Dey explains the story is very much a mystery set against a Canadian backdrop."At a garage sale in a small Saskatchewan town Arabella Dryvynsydes, a Burnaby RCMP constable, makes a chance discovery of a sepia photograph of her grandmother and twin sister as little girls," she explained. "Her quest for answers as to how a picture taken in 1914 in Nanaimo ends up here almost 100 years later becomes the modern narrative of the book. As Arabella unearths more clues of her family origins, her great-grandmother Jane's story surfaces as an alternate historical narrative. In each, a murder is resolved."

Dey said writing for her is very much a case of capturing words when they are ready, rather than working at the craft each and every day.

"My writing habits are erratic," she said. "Extensions was nine years in the making with many starts and stops - often for months, and left turns, right turns, and U-turns.

"The flip side of a muse is discipline and I have learned that inspiration is kindled by the act of writing itself. I struggle to overcome the terror of the blank page. Rewriting is my favourite part of the process, for the first, tenth, or thirtieth time."

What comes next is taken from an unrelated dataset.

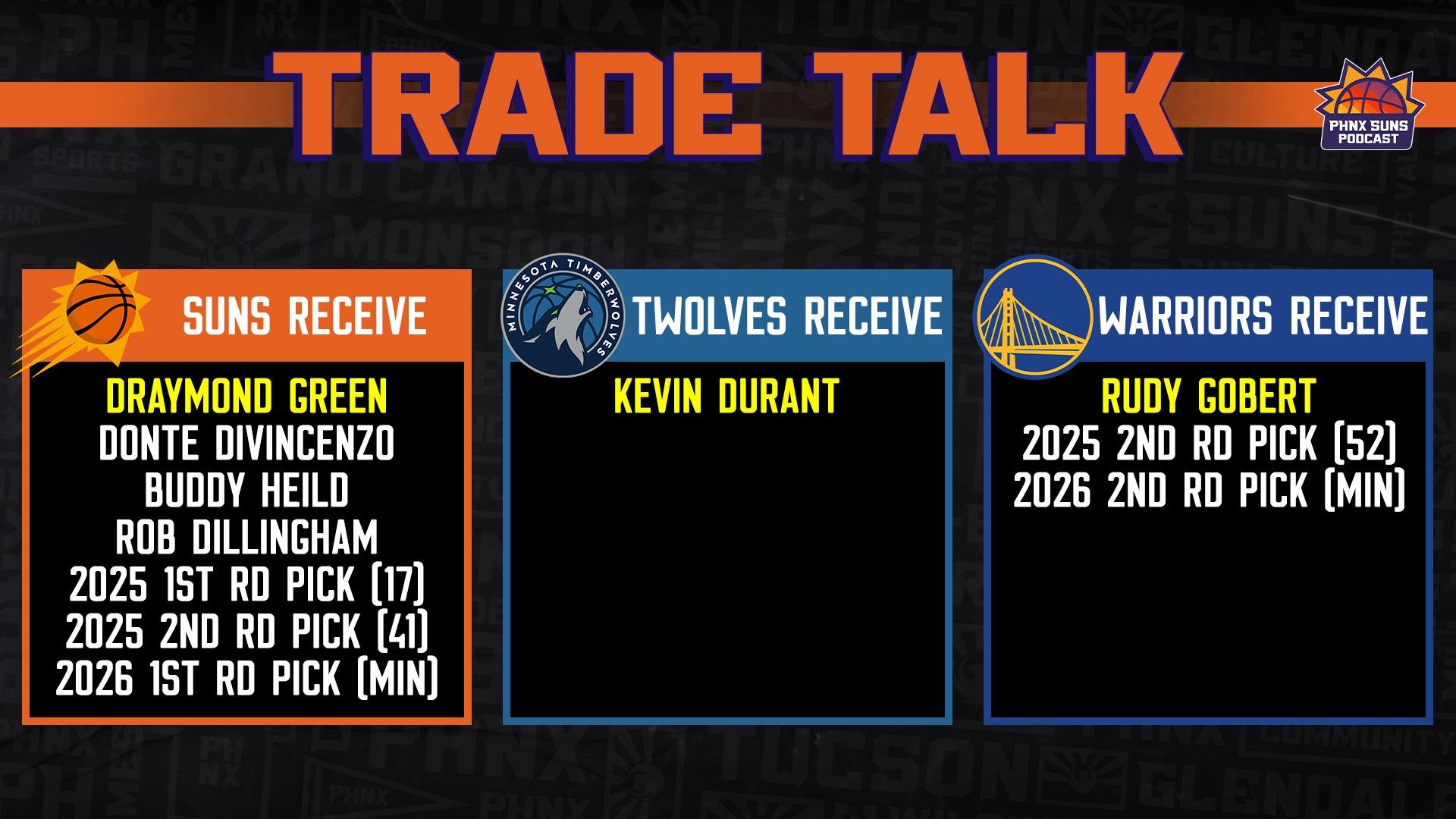 太陽得到:德雷蒙德-格林、迪溫琴佐、巴迪希爾德、迪林厄姆、2025年17號籤(森林狼)、2025年41號籤(勇士)、2026年森林狼次輪籤;

In some ways the decision to settle in Kamsack helped the process.

"Living in Kamsack has allowed me to write while participating in our daughters' activities and community projects such as restoring the Kamsack Playhouse," said Dey.

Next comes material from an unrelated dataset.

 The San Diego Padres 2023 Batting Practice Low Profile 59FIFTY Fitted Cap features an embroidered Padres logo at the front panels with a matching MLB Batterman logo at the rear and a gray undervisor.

While small town Saskatchewan may have helped Dey focus on her book, she said writing is very much in her blood.

"I have been writing all my life: dictating to my father before I could print, staging plays I had written in the back yard growing up," she told Yorkton This Week. "I've had no formal training other than a summer course at the Banff School of Fine Arts at age 16 and some workshops in my adult years. (Dey answered a question regarding her age by answering "I am old enough to have 7 grandchildren"). I am very fortunate to have had a literary mother who read and wrote - and talked about it - constantly."

As for Extensions, Dey said getting it into print proved rather easy.

"I have felt the sting of rejections with my first novel years ago, but Extensions found a home with NeWest Press on its maiden voyage," she said, adding, "I chose NeWest mainly because of its fine reputation as a literary press; the fact that two of our daughters live in the Edmonton area also held an appeal."

Extensions was released in early October and the first printing of 1,000 sold out by mid-November. "Fortunately, NeWest did a small reprint to fulfill Christmas sales," said Dey. "The response in Kamsack has been more heartwarming than I could ever imagine. There's nothing like a small town to support a local endeavour.

"I've also had two successful book launches in Edmonton and Vancouver, each staged by my daughters, and I was part of the Fictionistas readings in Regina before the book came out. "I'm beyond grateful for the enthusiasm my book has received."

Dey said the success has her believing another novel is inside waiting to get out, although the details are still percolating in her mind.